Our mothers and fathers looked at each other. Go on, they said.
We were pretending to hunt deer, we told them. We were good hunters; we avoided every twig and made no sound. We found paths made by animals and went along with our bows and arrows at the ready, like you taught us. After a while, we came to a place where the trees stopped and beyond them was a huge plain. We dropped down flat and wriggled forward, to see what lay ahead.
We did not understand what we were seeing. All the forest had been cut down and from the ground rose tall, grey things like towers of rock.
We went nearer until we could see big holes in the sides of the towers. We went closer still and through the holes, we could make out people just like us, sitting and watching shapes flicker on a flat thing in front of them.
Between the towers were wide tracks of hard, black stuff. Along these tracks went moving objects with people in them. There were puffs of grey like small clouds coming out from behind them and a smell came into our noses like smoke from a fire, but not as good. Grey paths ran each side of the black and on them were stony-eyed walkers, holding something odd in one hand. Some bent their heads to gaze at it, while touching it with their other hand; others raised it to one ear and seemed to be speaking into it. They did not talk to each other though; people went past as if they were invisible. No-one smiled. We looked about for other creatures, but there were none, not even birds.

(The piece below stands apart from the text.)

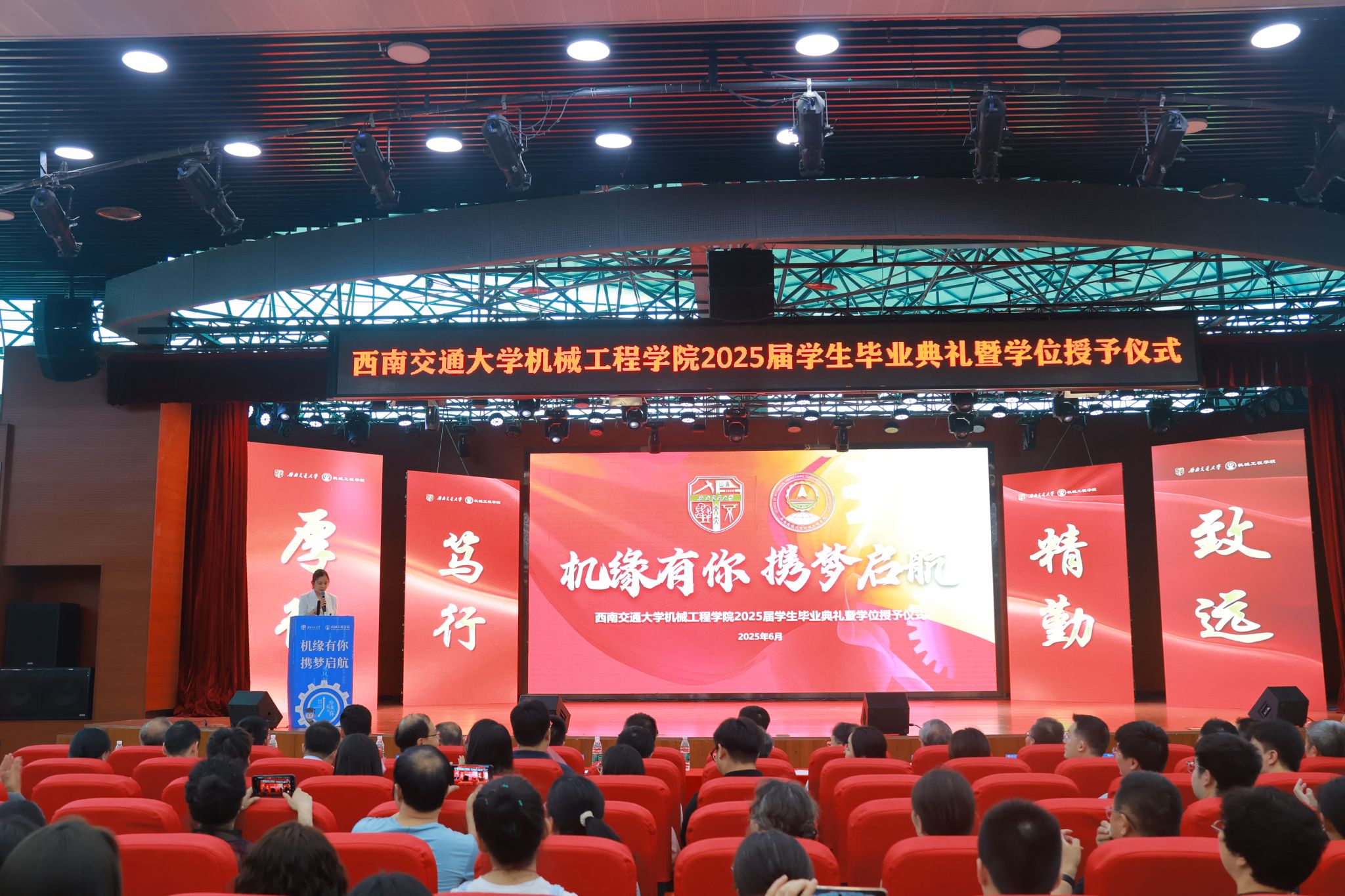 “机缘”共此时,扬帆启新程!388vip太阳集团“机缘有你,携梦启航”2025届员工毕业典礼暨学位授予仪式于6月20日在犀浦校区二食堂三楼隆重举行。公司党委书记袁艳平、经理钱林茂等全体党政领导,各系所(中心)负责人,教师代表,全体辅导员,家长代表以及2025届本硕博毕业生参加典礼。大家齐聚一堂,共同见证这一庄严而温馨的时刻,为即将踏上人生新征程的机械学子送上最真挚的祝福。典礼由公司党委副书记沙晓雪主持。

We felt frightened and we jumped up and ran home to tell you.
Our parents had listened attentively, then they looked at one another again. We waited for their fear to erupt, or their astonishment, and their insistence that we take them back to the place right away. Instead, they applauded us. They congratulated us on our tall tale and our vivid imaginations.
Our resentment at not being believed softened as we basked in such high praise. They knew that would be the effect; nothing was more important to our people than being able to tell stories and we were youngsters learning our craft. Tales did not come more fantastical than this. Our parents banked on that, too. They wanted to protect us; we know that now. They did not want us to tread those grey paths.
In our huts that night, we began to doubt ourselves in the face of their disbelief. We went over every legend for clues, even the one about the old civilisation that nearly spoiled the earth until it heated up in vengeance. Nothing explained what we had seen.
We are parents now and we tell our children the story of how we once found an undiscovered tribe, and went back to make contact when we had grown up. It was sad that so many of them died from our diseases. But those who survived returned to the forest in the end; they abandoned their traditions of watching screens and being lonely.
Our children smile when they hear this. They say they cannot imagine living like that. Then they go outside to play.
The black stuff and the grey paths? They have long since crumbled. Birds fly over the place, calling. And our children pretend to hunt for deer in the forest that grows there again.